Whimbrels, 4 -- Hurricane Irene, 0
It’s official. The whimbrels are four-for-four—undefeated against Hurricane Irene.
The Center for Conservation Biology (CCB) has been tracking the migration of four whimbrels and all four of these long-billed shorebirds successfully made it through Hurricane Irene, employing strategies ranging from sitting the storm out to flying right into the teeth of the hurricane—and back out again.
The CCB is part of a consortium of ornithologists that has been fitting these extreme fliers with lightweight, solar-powered backpack transmitters to track their migrations between their high Arctic breeding grounds and wintering areas in South America and the Caribbean. Whimbrels often use the tidal creeks and marshes of Virginia’s Eastern Shore as staging areas on both northbound and southbound migrations.
In 2008, the CCB was able to track the 146-hour flight of a whimbrel named Winnie from the Eastern Shore to her breeding grounds on the Mackenzie River near the Alaska-Canada border. At some 3,200 miles, with an average air speed of 22 miles per hour, it was a record-setting flight for whimbrel distance. The next year, a whimbrel named Hope surprised scientists by logging a 5,600-mile odyssey in which she visited both of the well-known whimbrel breeding grounds, then not breeding.
Migrating whimbrels routinely put themselves in harm’s way. Bryan Watts, director of the Center for Conservation Biology, says that the fall southbound migration of the birds occurs during hurricane season and their routes usually take them over open ocean.
All four of the whimbrels being active tracked came up against Hurricane Irene and all came out with scarcely a ruffled feather. One, a bird named Chinquapin, flew unscathed through the most violent part of the hurricane. A second bird, Goshen, also tangled with Irene, but only had to deal with the outer bands of the storm. The remaining two, Hope and Machi, employed a different strategy, hunkering down on Virginia’s Eastern Shore while Irene raged overhead, pelting down nearly a foot of rain.

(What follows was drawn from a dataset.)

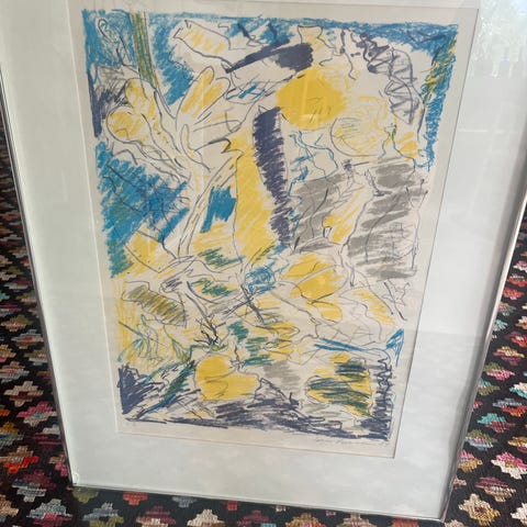 Jørgen Jakobsen billede med motiv af blå og røde blomster, omgivet af træer. Kunstværket er indrammet i en lys alurammer og har en abstrakt, impressionistisk stil. Farveskalaen domineres af blå, grønne og røde nuancer. Mål: bredde 78 cm, højde 81 cm.,
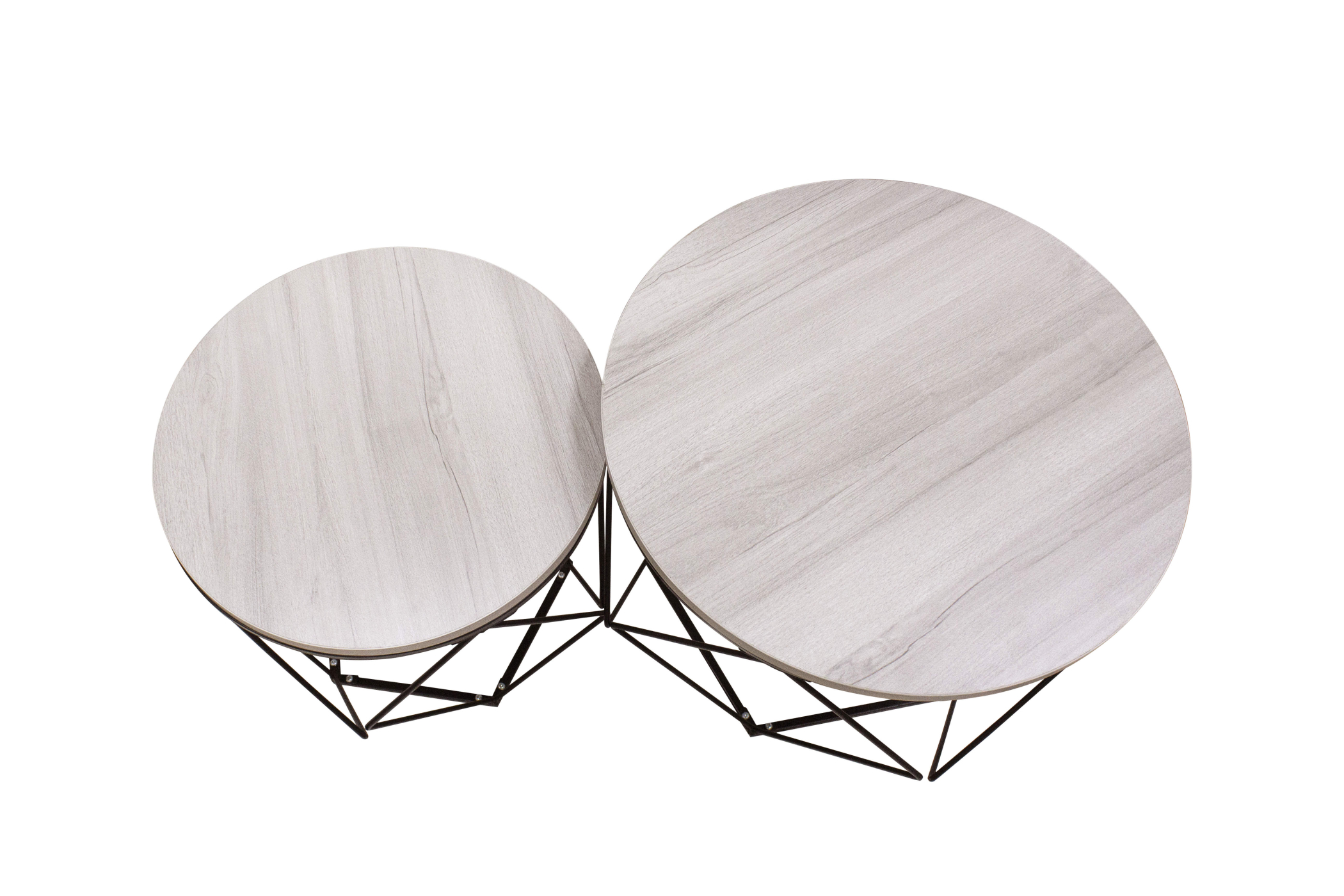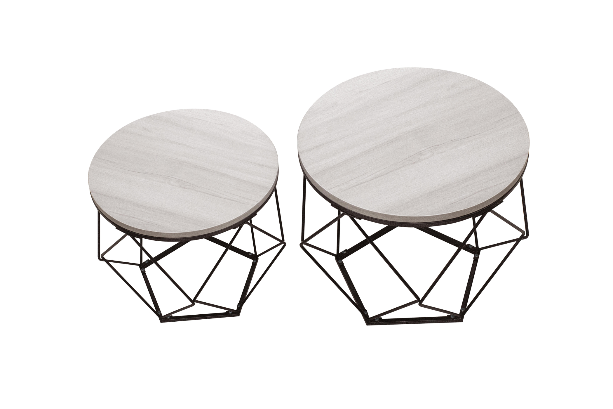 Twee bijzettafeltjes met een metalen onderstel en een lichtbruin blank kleurig tafelblad. Een trendy ontwerp in een industriële vintage stijl. Geschikt voor elk interieur en in elke ruimte van uw woning als salontafeltjes of bijzettafeltjes  De afmeting zijn 40 cm x 40 cm x 37 cm en 50 cm x 50 cm x 41 cm.

CCB Research Biologist Fletcher Smith says he expected Hope and Machi to take shelter in wooded areas, but satellite signals showed them in the middle of a marsh where they likely rode out the storm, literally, on rafts of floating wrack.
Chinquapin didn’t make an Eastern Shore stopover this year. He opted for the direct flight, leaving upper Hudson Bay on Aug. 20. He flew right into Irene’s northeast quadrant on Aug. 24. Satellite signals seemed to indicate Chinquapin had indeed flown through the storm.
To make sure, researchers gathered at the Center for Conservation Biology’s offices on the William & Mary campus on the afternoon of Aug. 27, waiting like expectant fathers for the next scheduled transmission of coordinates. It came through at 4:20 p.m.—showing that Chinquapin was alive and well on the Bahamian island of Eleuthera.
After Labor Day weekend, satellite tracking revealed that Hope and Machi were still on the Eastern Shore, while Goshen is on the island of Antigua. The researchers expect all four to continue their migration. Last year, Hope stayed on St. Croix, Chinquapin wintered in coastal Suriname and Goshen and Machi opted for Brazil.
The transcontinental journeys of whimbrels not only reveal new information about the life cycle of shorebirds, Watts said, but also underscore the environmental importance of the Delmarva Peninsula, which includes the state of Delaware as well as the eastern shores of Maryland and Virginia.
The Center for Conservation Biology is a joint program of the College of William & Mary and Virginia Commonwealth University.
Funding sources and collaborators involved in the whimbrel satellite tracking project include the Center for Conservation Biology, Georgia Department of Natural Resources Non-game Division, The Nature Conservancy, The U.S. Fish and Wildlife Service, the Virginia Coastal Zone Management Program and Manomet Center for Conservation Sciences.